The surgical outcome of modern cataract surgery has significantly improved with the introduction of small-incision phacoemulsification and other advanced technology. Therefore, many surgeons now advocate the concept of refractive cataract surgery, where the goal is to achieve minimal postoperative refractive error as well as visual recovery. Patients also expect fast visual recovery and better visual acuity without glasses after cataract surgery.
It has been reported that the theoretical or regression formula for intraocular lens (IOL) power calculation can predict postoperative refraction with high precision in most patients. But pre-existing astigmatism remains postoperatively with small-incision or micro-incision cataract surgery; thus patients with visually significant astigmatism will be dependent on spectacles for their distance vision after cataract surgery.

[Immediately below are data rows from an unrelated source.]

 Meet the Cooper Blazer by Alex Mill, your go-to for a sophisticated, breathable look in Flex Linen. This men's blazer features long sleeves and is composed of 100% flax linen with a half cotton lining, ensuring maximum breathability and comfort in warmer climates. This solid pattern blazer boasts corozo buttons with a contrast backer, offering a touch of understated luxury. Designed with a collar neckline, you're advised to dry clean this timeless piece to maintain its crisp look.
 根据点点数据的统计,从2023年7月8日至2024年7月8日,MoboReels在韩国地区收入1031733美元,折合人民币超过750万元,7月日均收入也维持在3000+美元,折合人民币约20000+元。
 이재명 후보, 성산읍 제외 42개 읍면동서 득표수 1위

Approximately 15% to 20% of patients who undergo cataract surgery have more than 1.5 diopters of pre-existing astigmatism, which requires correction with glasses or contact lenses after surgery. Pre-existing astigmatism can be reduced during cataract surgery by adjusting the location, architecture, and length of the incision. Cataract surgery with additional incisional surgeries, including radial keratotomy and limbal relaxing incision, also can be considered.

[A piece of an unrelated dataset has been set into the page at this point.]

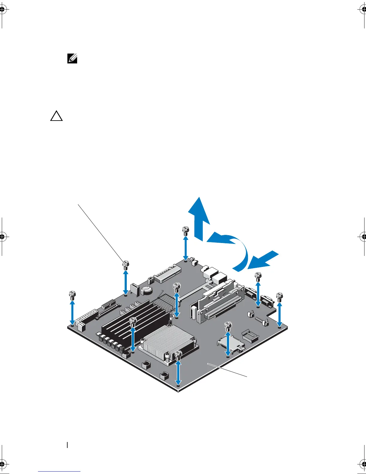 CAUTION: Do not lift the system board assembly by grasping a memory module,

Toric IOLs are advantageous over incisional surgeries in the predictability and stability of the refractive results. The optimal effect of the toric IOL depends on precise alignment and rotational stability of the IOL on the corneal astigmatic axis. Torsional misalignment of more than 10 degrees may induce 33% loss in the compensatory anti-astigmatic effect. A single-piece hydrophobic acrylic platform has been reported to show satisfactory postoperative torsional stability and is available as a toric IOL. However, unintended intraoperative rotation of the IOL may occur during phacoemulsification, especially during the removal of the ophthalmic viscosurgical device (OVD). Thus, the final alignment of these IOLs is indicated when the IOL is fully unfolded and all OVDs are removed from the anterior and posterior of the IOL. Manufacturers recommend the initial gross placement of the IOL with 5- to 10-degree counterclockwise misalignment, expecting clockwise repositioning of the IOL after OVD removal. But there have been no studies regarding the amount or direction of intraoperative rotation.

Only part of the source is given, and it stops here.